Important Notes for this Script:

Cost: The Gemini API is not free for high usage. You will be charged per character for the input (the image data is calculated based on its size) and output. Check the pricing page.
Safety: Always test with a copy of your photos, not your originals!
Rate Limiting: The free tier has quotas. For large libraries, you will need to add delays (time.sleep()) between requests.
Prompt Engineering: The prompt ("Analyze this image and suggest a single, simple category name...") is crucial. You can change it to anything:
- "Is this a photo of a dog or a cat? Answer only 'dog' or 'cat' or 'other'."
- "Extract the text from this document." (for OCR)
- "Describe the mood of this photo in one word (e.g., happy, serene, chaotic)."

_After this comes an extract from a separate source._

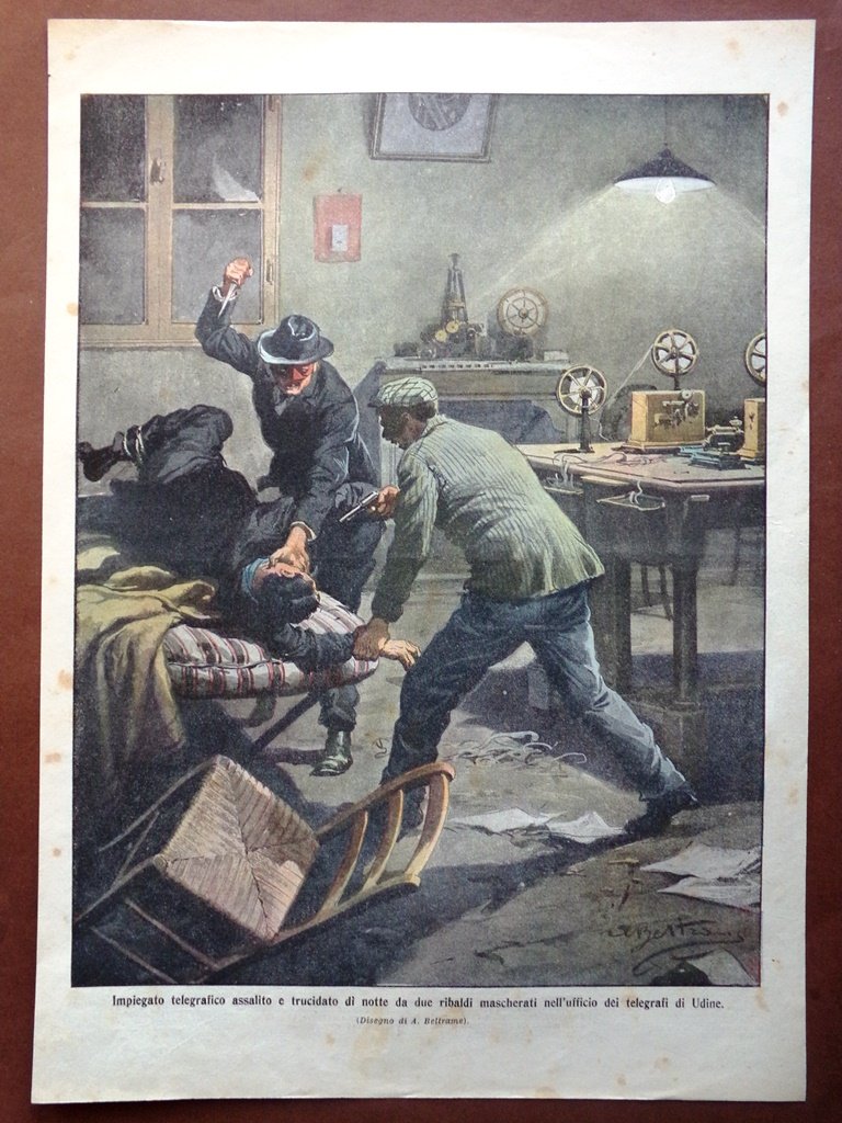 Impiegato telegrafico assalito e trucidato di notte da due ribaldi mascherati nell'ufficio dei telegrafi di Udine (Achille Beltrame)

Example 2: Generate Descriptions for Images (Metadata)

Instead of moving files, you can use Gemini to generate descriptions and then write them to the file’s description field in Drive.

Modified analyze_image_with_gemini function:

def analyze_image_with_gemini(model, image_bytes, mime_type):
    prompt = "Describe this image in a single, concise sentence suitable for alt-text or an image description."
    image_part = {
        "mime_type": mime_type,
        "data": image_bytes.getvalue()
    }
    response = model.generate_content([prompt, image_part])
    return response.text.strip()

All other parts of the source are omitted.